Другое дело — место “Штамма “Андромеда” и ему подобных в самой же системе отсчета научной фантастики. Здесь возникают вопросы другого порядка. Предугадали ли фантасты экологический кризис? Привлекли ли вовремя внимание к этой проблеме, “обратили” в нее широкие читательские массы (как не раз делали до того, например, в книгах, посвященных освоению космоса)? Забили ли вовремя в набат, предложили какие-то пути решения?
А вообще была ли такая “экологическая” тема в научной фантастике! Вот это-то мы и попытаемся выяснить.

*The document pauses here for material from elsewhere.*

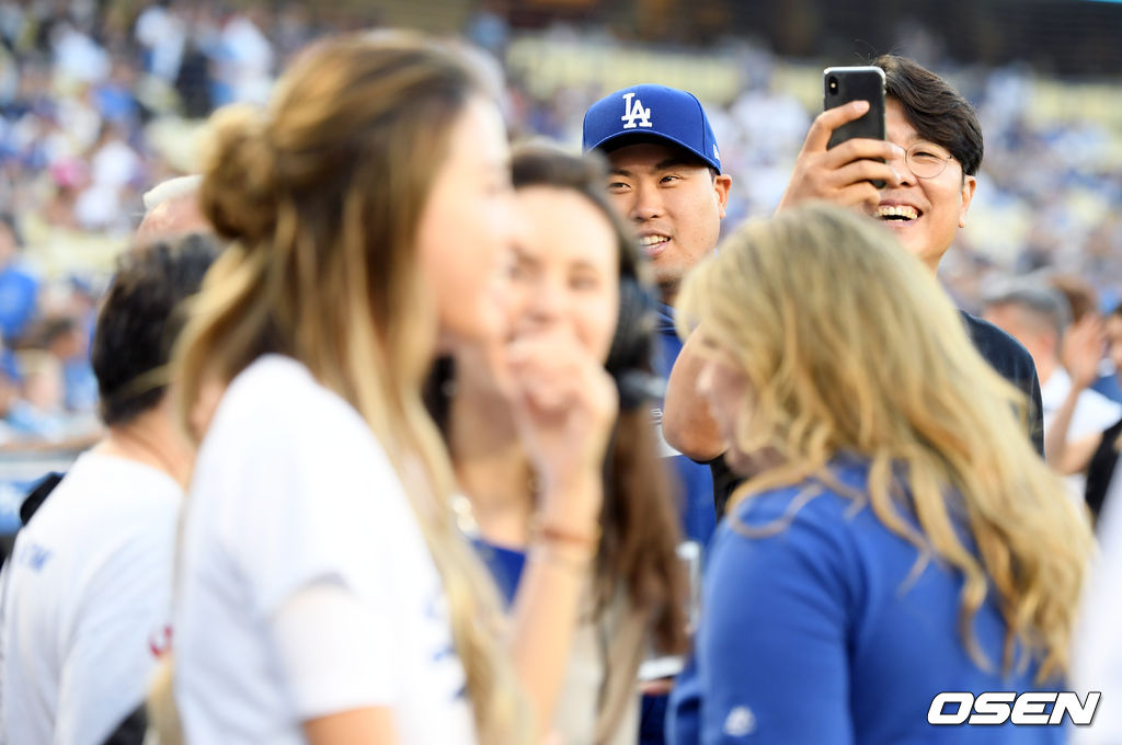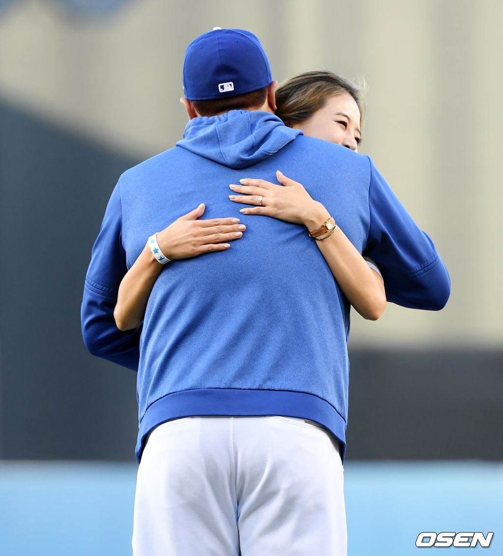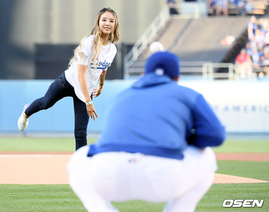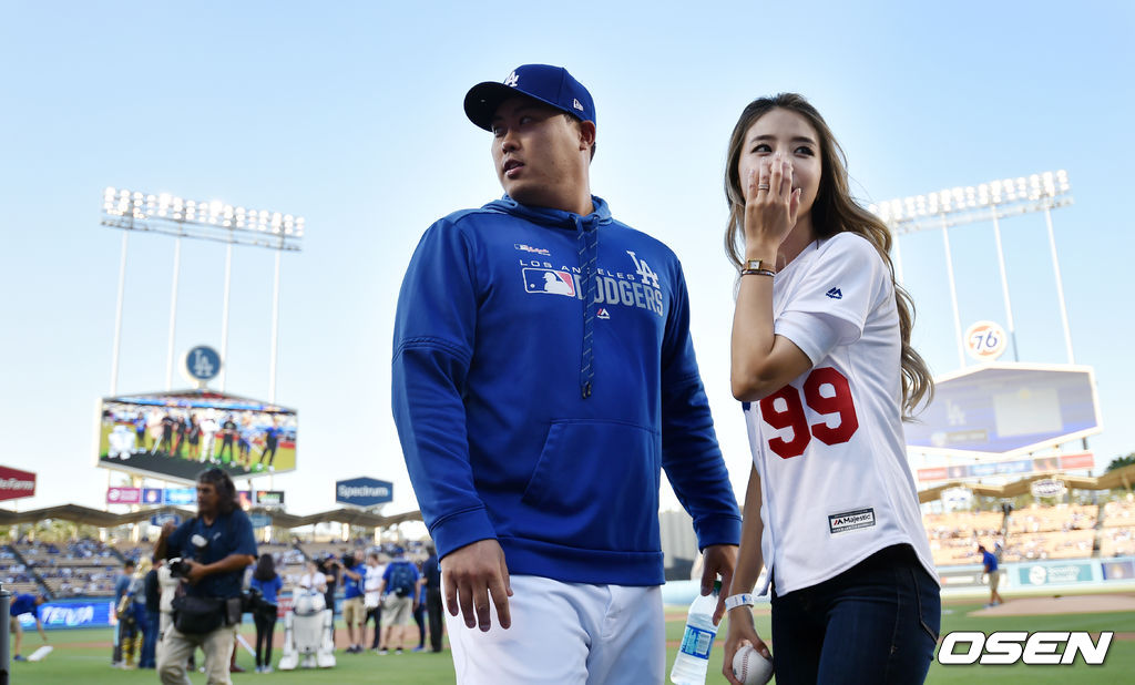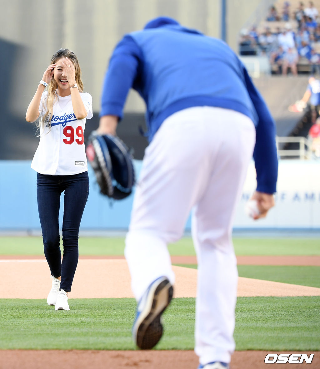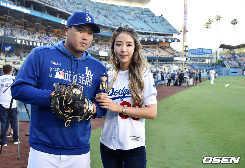 배지현은 3일 (한국시간) 미국 캘리포니아주 로스앤젤레스 다저 스타디움에서 열린 2019 메이저리그 LA 다저스와 애리조나 다이아몬드백스의 경기에 앞서 시구를 했다. 특히 남편 류현진이 시포를 해 눈길을 끌었다.

Еще одна, последняя остановка, перед тем как отправиться на Машине Времени в прошлое этой литературы. Автор явственно слышит возражения оппонентов, а должна ли вообще научная фантастика что-то предсказывать? Или, сняв категорию долженствования, а может ли?..
Чтобы не мучиться с формулировкой ответа, предлагаем контрвопрос: а предсказали ли фантасты освоение космоса? Точные детали, этапы, сроки — практически нет[15]. Зато налицо другой, бесспорный результат воздействия этой литературы на целые поколения читателей: выйдя в космос, совершив гигантский прыжок в своей эволюции, человечество, в общем-то, не удивилось. В каких-то особых измерениях массового сознания космос был уже обрисован и обжит, к нему — как к символу, как к философской и обыденной категории, как к источнику проблем — привыкли…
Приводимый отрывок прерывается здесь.